Monday, 14 May 2012

The US Defense Industry – Market Opportunities, Entry Strategies, Analyses and Forecasts to 2016

The US is projected to spend US$3.3 trillion on its armed forces over the forecast period (2012–2016).
US defense expenditure is forecast to value US$670.9 billion in 2012, growing at a CAGR of 4.19% during the review period (2007–2011). However, due to the country's growing fiscal deficit, domestic military expenditure is expected to register a CAGR of 0.63% over the forecast period (2012–2016), to reach a value of US$688 billion by 2016.

Although the country’s total defense spending is likely to decrease, factors such as the potential nuclear threats posed by North Korea and Iran, modernization initiatives, ongoing military operations and strategies to maintain military supremacy and protect its allies will continue to drive the US defense budget. 
Cumulatively, the US is projected to spend US$3.3 trillion on its armed forces over the forecast period (2012–2016). During the review period (2007–2011), the US allocated 4.6% of its gross domestic product (GDP) on defense. However, this figure is forecast to decline to 3.8% by 2016, due to increasing financial constraints as a consequence of the global financial crisis.

During the review period (2007–2011), capital expenditure accounted for the majority of the nation’s military spending. Overall, the US spent an average of 74% of its defense budget on capital expenses during this period, while an average of 26% was reserved for revenue expenditure. The share of capital expenditure in the overall defense budget is expected to decline to an average of 66% over the forecast period (2012–2016) due to efforts to reduce procurement expenditure.

To counter the threats posed by global terrorist organizations, organized crime gangs and cross-border infiltration, the nation’s homeland security budget is forecast to reach US$57.8 billion by 2016. As the US seeks to enhance its aviation and border security, the demand for equipment relating to these categories will increase. Further opportunities are expected to arise as the US invests in communication systems, the modernization of its aviation, naval and land defense systems and the enhancement of its nuclear defense capabilities.

The US remained the largest arms exporter in the world during the review period (2007–2011).
US defense imports increased in 2009 due to an increase in the procurement of military hardware from foreign suppliers. This trend is likely to continue over the forecast period (2012–2016) as the nation focuses on collaborations with foreign OEMs and the modernization of its existing weapons systems. Despite possessing a highly developed defense industrial base, the nation partners with foreign defense firms such as EADS, Thales and BAE Systems in the manufacture of defense systems such as aircraft and missiles.

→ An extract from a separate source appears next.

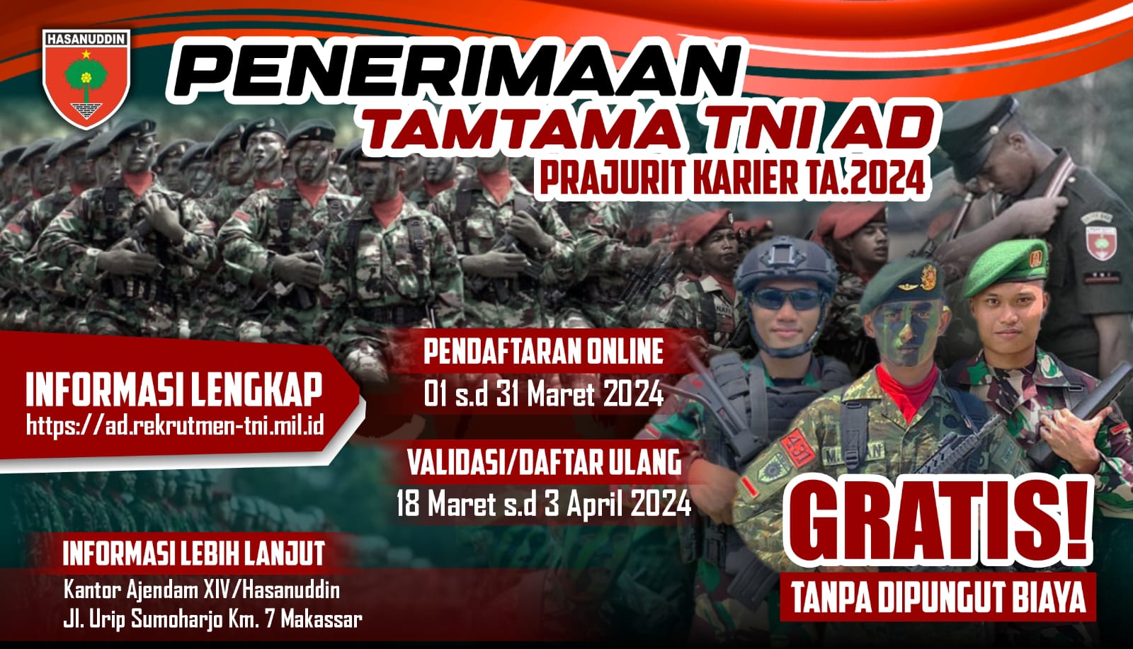 Kodam XIV/Hasanuddin Buka Pendaftaran Tamtama PK TNI AD Reguler dan Khusus TA 2024

The UK, Canada and Switzerland emerged as the three largest arms suppliers to the US during 2005–2010, while aircraft, armored vehicles and artillery accounted for the majority of defense imports. During 2005–2010, the US emerged as the largest exporter of defense equipment in the world. Moreover, the nation is expected to dominate the global arms export market over the forecast period (2012–2016), due to the increasing defense budgets of a number of its allies, such as South Korea, Israel and Australia. The country possesses a diverse consumer base and, during the review period (2007–2011), South Korea emerged as the largest consumer of US-manufactured defense goods.

The US permits FDI in its defense sector.
The US encourages foreign direct investment (FDI) in its defense sector. However, investments thought to pose a risk to national security are barred using the Exon-Florio provision, which consists of three steps for reviewing proposed, or pending, foreign mergers, acquisitions or takeovers. According to this provision, the Committee on Foreign Investment in the United States (CFIUS) conducts and submits a review on the foreign investment to the president. The president is then authorized to approve or ban the investment depending on whether it is determined to be a risk to national security. Additionally, the nation follows a set of government regulations known as the International Traffic in Arms Regulation (ITAR) for controlling the import and export of defense-related articles and services on the United States Munitions List (UNSML). These regulations forbid the exchange of information and material pertaining to defense and military-related technologies with foreign nationals, organizations or government bodies, unless authorization from the Department of State is received.